総務省が実施した700/900MHz帯通信システムの参入希望調査では、イー・アクセス、NTTドコモ、KDDI、ソフトバンクモバイルの4社が参入意向を表明している。イー・アクセスは、市場活性化による競争を促進させるとともに、客観的かつ公正な周波数割り当てを実施するために、要望書を提出した。
イー・アクセスは900MHz帯開設指針の策定にあたり、「次世代の3.9世代移動通信システム(LTE)による早期全国普及」と「既存大手3社の回線状況から、新規・振興事業者やMVNOを含めたサービス競争の充実」の2点を主な方針に掲げる。現在、携帯事業者が保有する周波数帯域は、NTTドコモが140MHz、KDDIグループが120MHz、ソフトバンクグループが104MHz、イー・アクセスが30MHzで、既存3社に比べてイー・アクセスが最も少ない。

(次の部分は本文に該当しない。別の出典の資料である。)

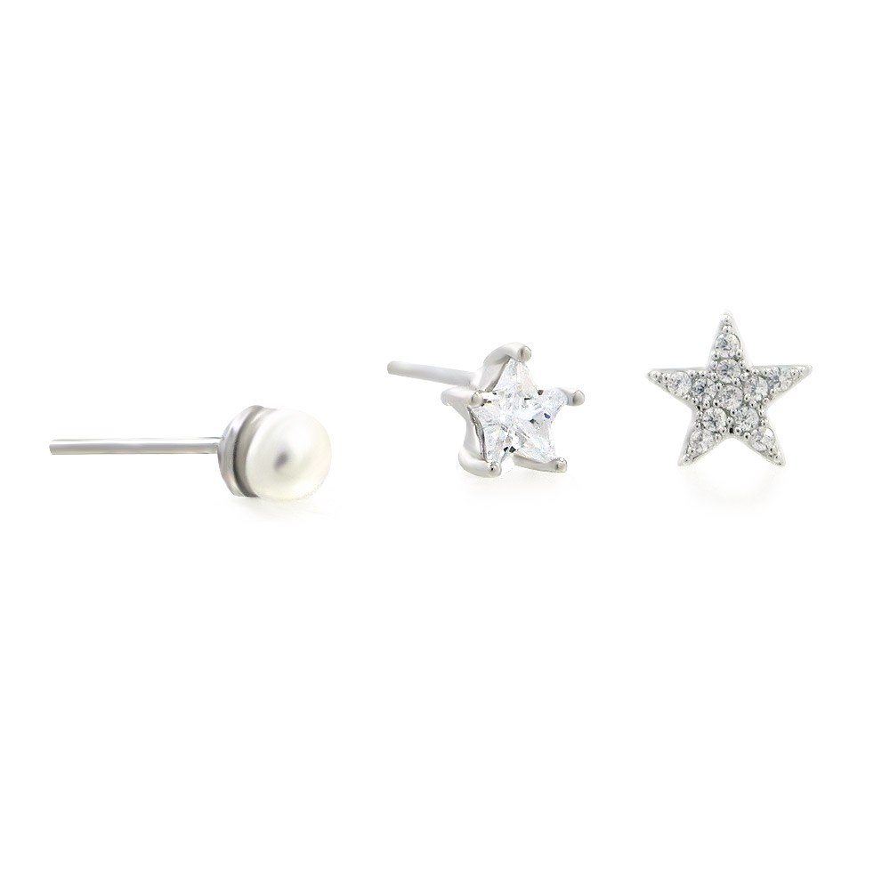 Stud Earring Set Star With Pearl has stunning star earrings with tiny cute pearl earrings, there are so many fabulous colors to suit all tastes. You may change to plating colors to rose gold or gold, can change cubic zirconia and pearl to whatever colors you wish to have. Each pair of earrings are made with surgical posts which include backings of your choice! (see photo). The surgical post is the perfect material for anyone who suffers from metal allergies and discomfort that often comes with wearing other types of metal earrings.

次世代高速通信サービスについても、ドコモがLTE(Xi)、KDDIがWiMAX、ソフトバンクモバイルがSoftBank 4Gを導入し、いずれも理論値(WiMAXはWiMAX 2の場合)は下り最大100Mbpsを超える一方で、イー・アクセスが導入している「EMOBILE G4」(DC-HSDPA)は下り最大42Mbpsに留まる。イー・アクセスもLTEを導入する意向はあるが、「今持っている周波数(1.7GHz帯)にはこれ以上は導入しにくい」(同社代表取締役社長のエリック・ガン氏)ため、「できれば早めに900MHzで新しい周波数帯域を確保できるよう頑張っていきたい」というスタンスだ。「2012年以降、早めに100Mbps超のLTEサービスを導入し、5年後をめどに人口カバー率99%を構築していきたい」とガン氏は意気込みを話した。
PCデータ通信分野で新たな料金サービスを多く打ち出してきたこともあり、LTEでも「競争力のある料金設定」を目指す。このほか、MVNOに向けた自社ネットワークのオープン化や、“端末のオープン化”としてLTE対応のSIMフリー端末も提供する。
複数の申請があった場合の審査基準として、同社は (1)人口カバー率 (2)自社の全ユーザーにおけるMVNOユーザーの比率 (3)SIMフリー端末の比率 (4)エンドユーザーへの料金とMVNO料金の水準 の4点を挙げた。同社は「現在の事業基盤や加入者基盤の大きさに直結する既存大手3事業者のみが優位となる審査基準は採用すべきではない」としている。具体的な審査方法については、(1)〜(3)の項目順に2013年度末から2016年度末まで、年度末ごとに比較し、数値が高い申請者を認定すべきとの考え。それでも決定しない場合は、(4)のエンドユーザー料金とMVNO料金を比較し、より安い申請者を認定すべきと考える。